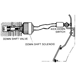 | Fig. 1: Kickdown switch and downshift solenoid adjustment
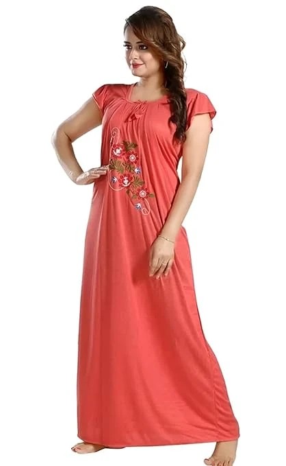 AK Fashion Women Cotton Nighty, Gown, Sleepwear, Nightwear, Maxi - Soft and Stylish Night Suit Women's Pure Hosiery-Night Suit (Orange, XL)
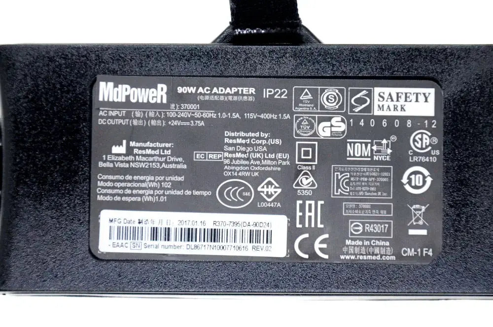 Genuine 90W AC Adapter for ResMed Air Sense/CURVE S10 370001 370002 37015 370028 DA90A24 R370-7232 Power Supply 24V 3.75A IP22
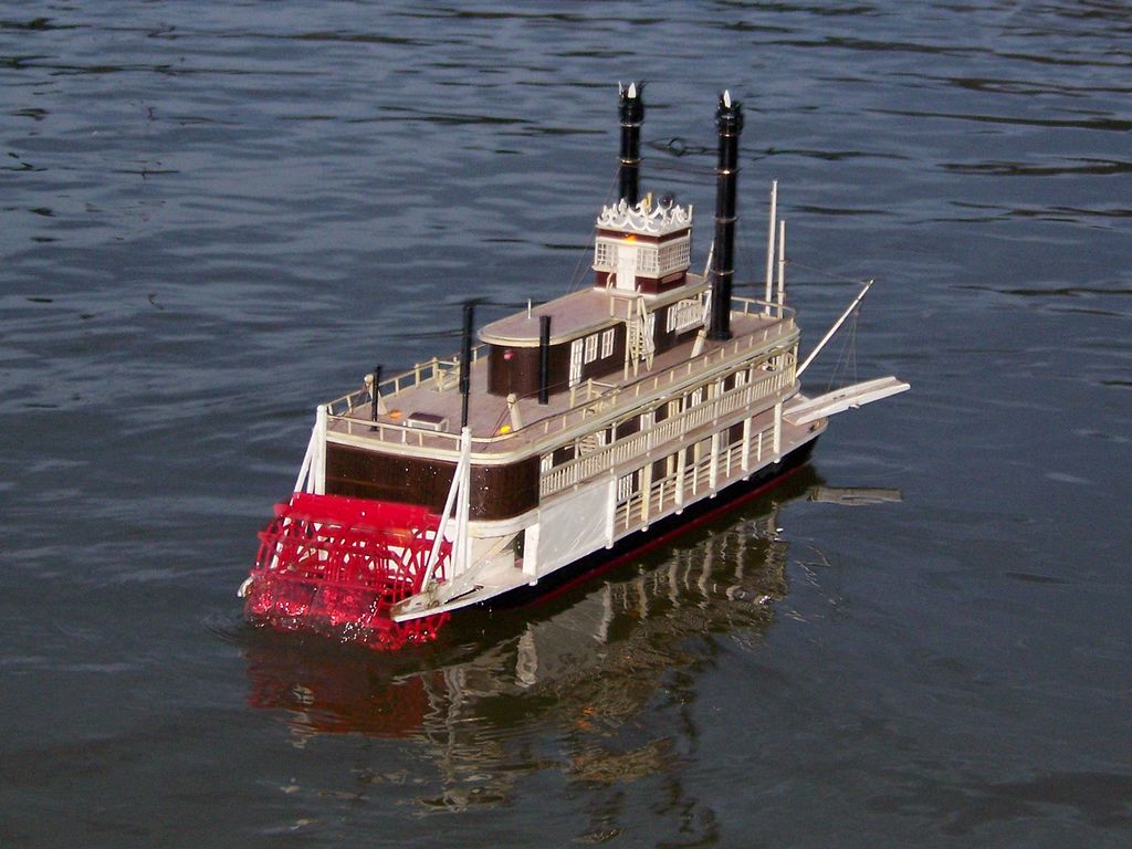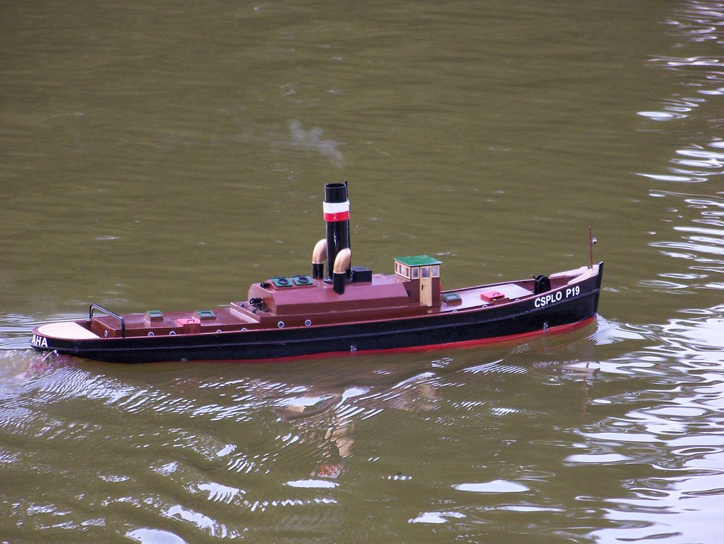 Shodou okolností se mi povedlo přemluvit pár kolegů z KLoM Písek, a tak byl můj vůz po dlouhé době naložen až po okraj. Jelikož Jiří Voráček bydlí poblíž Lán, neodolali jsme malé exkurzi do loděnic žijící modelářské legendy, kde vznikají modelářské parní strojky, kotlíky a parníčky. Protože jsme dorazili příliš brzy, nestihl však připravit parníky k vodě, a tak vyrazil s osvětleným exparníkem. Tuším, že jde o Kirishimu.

◆ **WORK TO BE COMPLETED**
Without the pictures, repeat the listing word for word.

◆ **WRITTEN ANSWER**
 | Fig. 1: Kickdown switch and downshift solenoid adjustment
 AK Fashion Women Cotton Nighty, Gown, Sleepwear, Nightwear, Maxi - Soft and Stylish Night Suit Women's Pure Hosiery-Night Suit (Orange, XL)
 Genuine 90W AC Adapter for ResMed Air Sense/CURVE S10 370001 370002 37015 370028 DA90A24 R370-7232 Power Supply 24V 3.75A IP22
 Shodou okolností se mi povedlo přemluvit pár kolegů z KLoM Písek, a tak byl můj vůz po dlouhé době naložen až po okraj. Jelikož Jiří Voráček bydlí poblíž Lán, neodolali jsme malé exkurzi do loděnic žijící modelářské legendy, kde vznikají modelářské parní strojky, kotlíky a parníčky. Protože jsme dorazili příliš brzy, nestihl však připravit parníky k vodě, a tak vyrazil s osvětleným exparníkem. Tuším, že jde o Kirishimu.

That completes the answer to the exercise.